Frontier Research

I like to understand how things work and use that understanding to build fun things. Sometimes, that means treehouses for my daughters. Sometimes, that means new AI models.

Neural Diversity Regularizes Hallucinations in Language Models

Link: https://arxiv.org/abs/2510.20690
Status: Accepted, Transactions in Machine Learning Research (2026)

What if the cause of AI hallucinations was noise? (Not lack of knowledge?)

Markowitz won a Nobel for one idea: don’t hold assets that crash together. (Correlated risks.) Borrowing from portfolio theory, we re-interpret a model’s parallel reasoning lanes as a portfolio and find them badly under-diversified, so their errors line up instead of canceling. De-correlating them cuts hallucinations up to 25.6% at no cost to capability and the portfolio math predicts 94.3% of the variance we see.
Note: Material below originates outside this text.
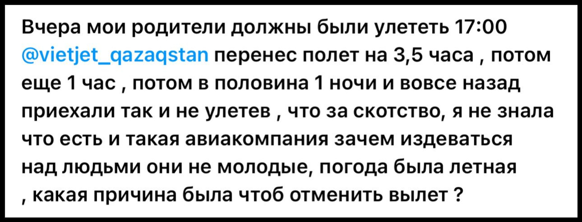 "Авиакомпания несколько раз переносила рейс — сначала на 3,5 часа, потом ещё на 1 час, а в итоге в 00:30 рейс вообще отменили, и они вернулись домой, так и не улетев. Что за безобразие? Я не знала, что есть такая авиакомпания. Зачем издеваться над людьми, они немолодые, погода была летная. Какая причина отмены рейса?" — рассказала она.

Upshot: Alongside data and parameters, neural diversity is an orthogonal, third axis to build more reliable models.

Reliability peaks at an optimal amount of neural diversity (P*), then falls off on either side — and a simple theory predicts the curve almost exactly (R² = 0.943).

Multi-Head Attention is a Multi-Player Game

Link: https://arxiv.org/abs/2602.00861
Status: Under review

Why does a model optimizing one goal still sabotage itself?

Because it’s not one mind. A transformer’s many attention heads run independently, coordinating and competing with each other in non-trivial ways — duplicated work, correlated mistakes — but we continue to train them as if it was a monolith.

Borrowing from game theory, we reframe gradient descent on cross-entropy loss as a game with multiple players, demonstrating that its price of anarchy explains redundant heads and hallucination. By gently taxing anarchy, we show that you can herd those selfish heads into more effective coalitions and improve reliability up to 18% without any loss of capability.

Upshot: Attention is all you need, but coordination is what you lack.

The attention heads of a layer, before and after training with game-aware regularization. Weak coupling (left) reorganizes into strong coalitions (right).

Reliability Inverse Scaling: Bigger Models Compound Mistakes Faster

Link: (forthcoming)
Status: Under review

We keep assuming bigger models will be trustworthier. This paper shows the opposite — reliability scales inversely.

As models get bigger, they get more fragile. Their answers start truer but go wrong faster — capability and reliability are separate dials, and scale spins them in opposite directions. As models scale, the knowledge gap shrinks by ~6×, yet the rate at which it degrades what it already knows grows by 11–39×. The culprit isn’t missing facts but a hidden risk: the model blurts out one low-odds word, treats its guess as settled fact, and builds on it — its self-doubt goes quiet while the real risk hides from detectors built to catch it. If you squeeze that one risk, hallucinations drop by 35-74%.

Upshot: Bigger models are more fragile.